パスワードを要求しないようにpkexecを構成する方法は?

12

スーパーユーザー特権でデーモン(Pythonで作成)を呼び出す必要があるGUIアプリケーションがあります。ユーザーにパスワードを要求することなくこれを実行したいと思います。

デーモンはスクリプトであるため、SUIDビットを直接設定することはできません。このためにCラッパーを書くことはできましたが、特に自分の側の間違いがシステムのセキュリティを著しく損なうことにつながる可能性がある場合は、むしろ車輪を再発明したくないでしょう。

この状況で私が通常行うことは/etc/sudoers、NOPASSWDディレクティブを使用して、ユーザーがパスワードなしでrootとしてデーモンを実行できるようにする行を追加することです。これは、コマンドラインから正常に機能します。ただし、GUIからこれを行うと、pkexecダイアログがポップアップしてユーザーのパスワードを要求します。Ubuntuでは、sudoGUIからの呼び出しが何らかの形でインターセプトされているようpkexecです。

これを回避する方法はありますか?setuidスクリプトの煩わしさを扱う必要はありません。

password  sudo  privileges  pkexec 
チンメイ・カンチ
ソース
どのようなアプリケーションについて話しますか?
ラドゥラディアナヌ
任意のGUIアプリ。GUIアプリを実行しようとするsudo somecommandと、表示されるダイアログボックスpkexecは、プログラムの実行を許可するsudoersポリシーがあるかどうかに関係なく、パスワードダイアログです。
チンメイカンチ

回答:

14

:それはと言うことは不適切だ「Ubuntuの上に呼び出しているようですsudoGUIからは、何らかの形で傍受されていますpkexecpkexecとの共通点はあまりありませんsudo。とは対照的にsudopkexecプロセス全体にルート権限を付与するのではなく、集中システムポリシーをより細かく制御できます。

これで、パスワードの入力を求められずにGUIアプリケーションを実行したい場合pkexec、これは難しくありません。たとえばGPartedを見てみましょう。開くと、パスワードの入力を求める次のダイアログウィンドウが表示されます。

認証された

[ 詳細]をクリックすると、ダイアログウィンドウは次のようになります。

gparted認証-詳細

ここからは、たとえば次のコマンドを使用してファイルを開くだけです。/usr/share/polkit-1/actions/com.ubuntu.pkexec.gparted.policy

gksu gedit /usr/share/polkit-1/actions/com.ubuntu.pkexec.gparted.policy

次の行を変更します。

      <allow_any>auth_admin</allow_any>
      <allow_inactive>auth_admin</allow_inactive>
      <allow_active>auth_admin</allow_active>

次のように:

      <allow_any>yes</allow_any>
      <allow_inactive>yes</allow_inactive>
      <allow_active>yes</allow_active>

ファイルを保存して閉じます。

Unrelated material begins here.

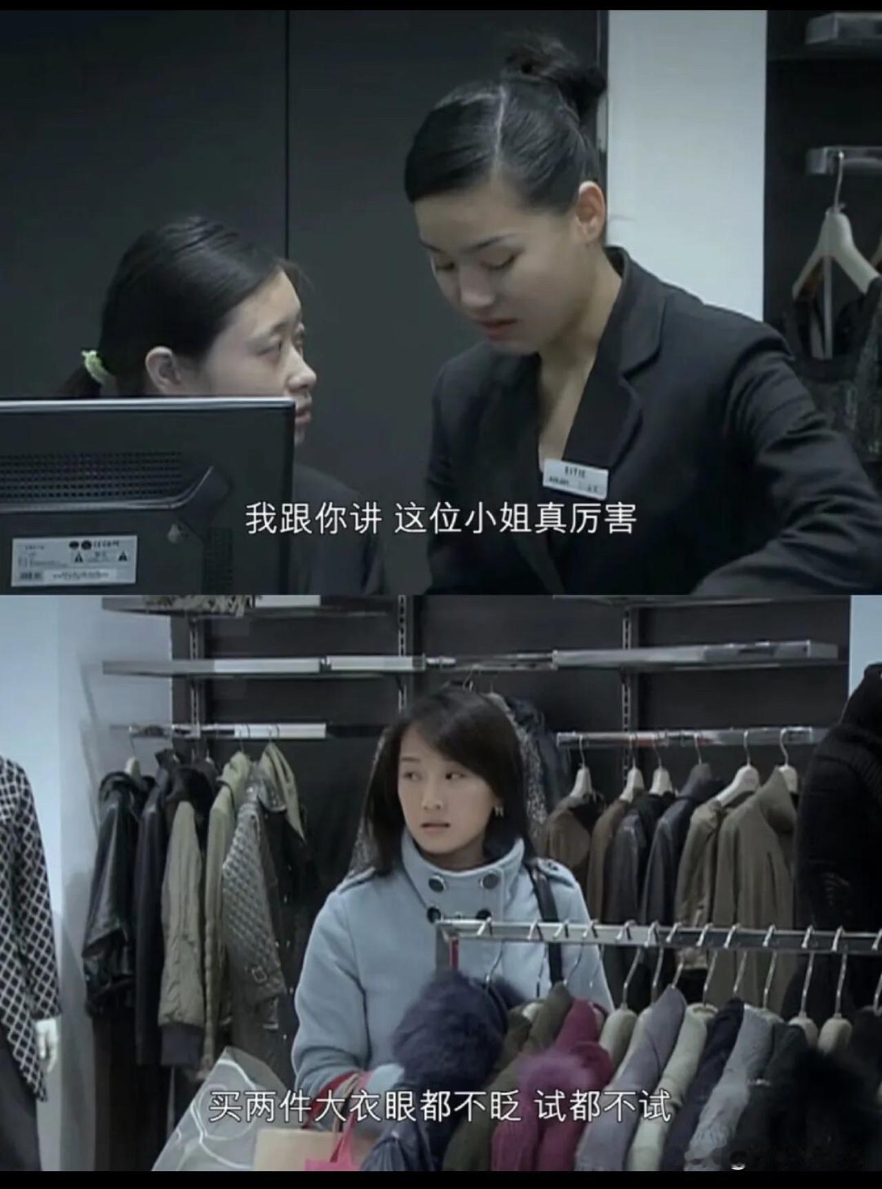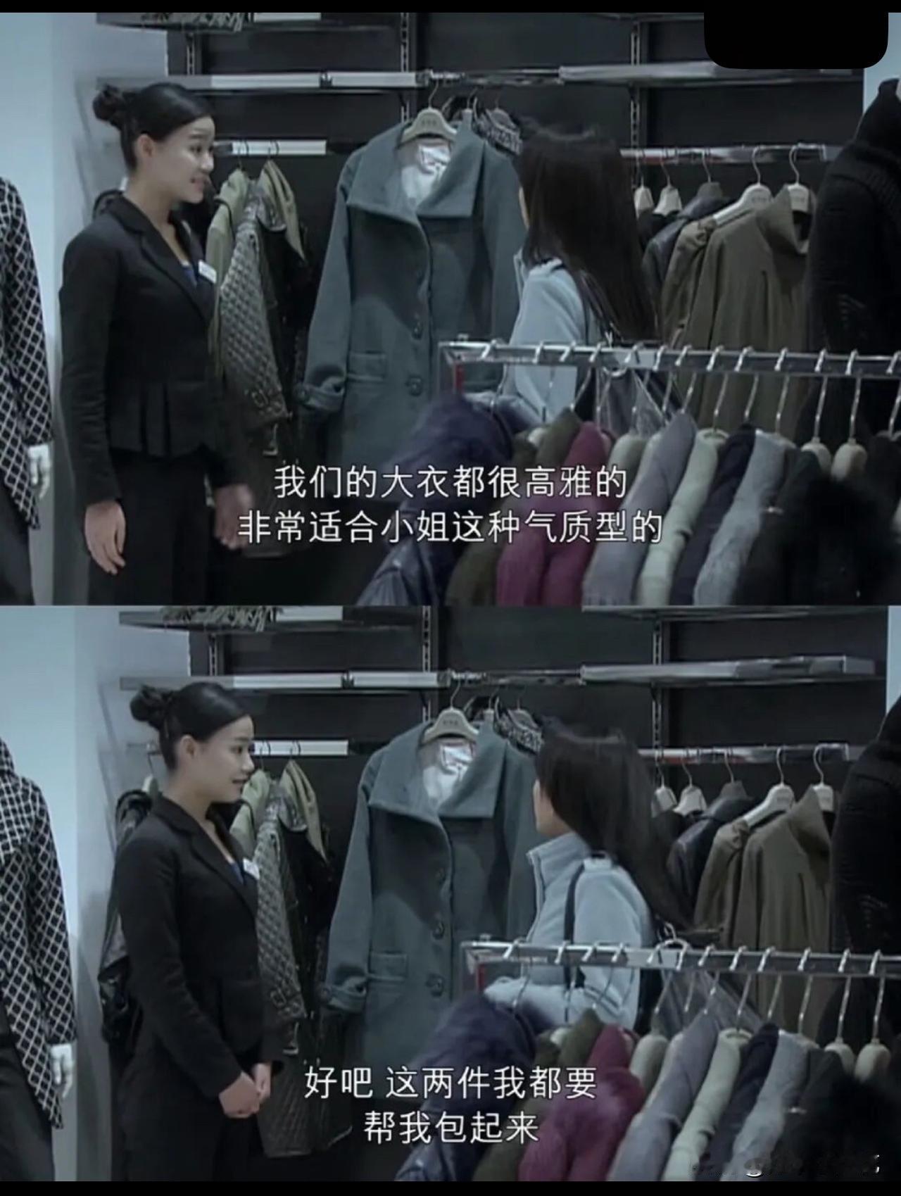 这小姐真厉害,买两件大衣眼都不眨、试都不试。

次に、GPartedを開くと、パスワードの入力を求められなくなります。

ラドゥ・ラデアヌ
ソース
はい、pkexecは実際にsudoの呼び出しをインターセプトします。この動作の最小限の例を作成できるかどうかを確認します。
チンメイカンチ
単純なアプリでこれを複製することはできません。非常に特定の状況でのみ発生する可能性があり、バグを追跡する時間はありません。私はあなたの答えを受け入れます。乾杯。
チンメイカンチ
@ChinmayKanchiもっとはっきりさせましょう。もう一度例を挙げgpartedます。terminalから実行する場合、root権限でファイルをsudo gparted実行し/usr/sbin/gpartedます。あなたが起動するとgpartedGUIから、あなたは実際には開始gparted-pkexec(あなたはこの内側確認することができます/usr/share/applications/gparted.desktopされているファイル)/usr/bin/gparted-pkexec:それは、その目的は、次のコマンドを実行することで、シェルスクリプトであるpkexec "/usr/sbin/gparted"と等価ですpkexec gparted。だから、とは関係ありませんsudo。そして、このコマンドは、ターミナルではなく、で使用する必要がありますsudo gparted
ラドゥラディアナヌ
1
@ChinmayKanchi sudoは、GUIアプリではなく、シェルアプリにのみ使用してください。参照してくださいman sudoman pkexecこの意味インチ
ラドゥラデアヌ
はい、私はあなたの両方の点を知っています。私の状況は、sudoを使用してシェルプログラム(デーモン、私も作成)を起動しようとするGUIアプリ(私が作成)があることです。何らかの理由で、これを行うと、sudoの代わりにpkexecが呼び出されます。つまり、デーモン用に作成したsudoポリシーは無視されます。
チンメイカンチ
弊社のサイトを使用することにより、あなたは弊社のクッキーポリシーおよびプライバシーポリシーを読み、理解したものとみなされます。
Licensed under cc by-sa 3.0 with attribution required.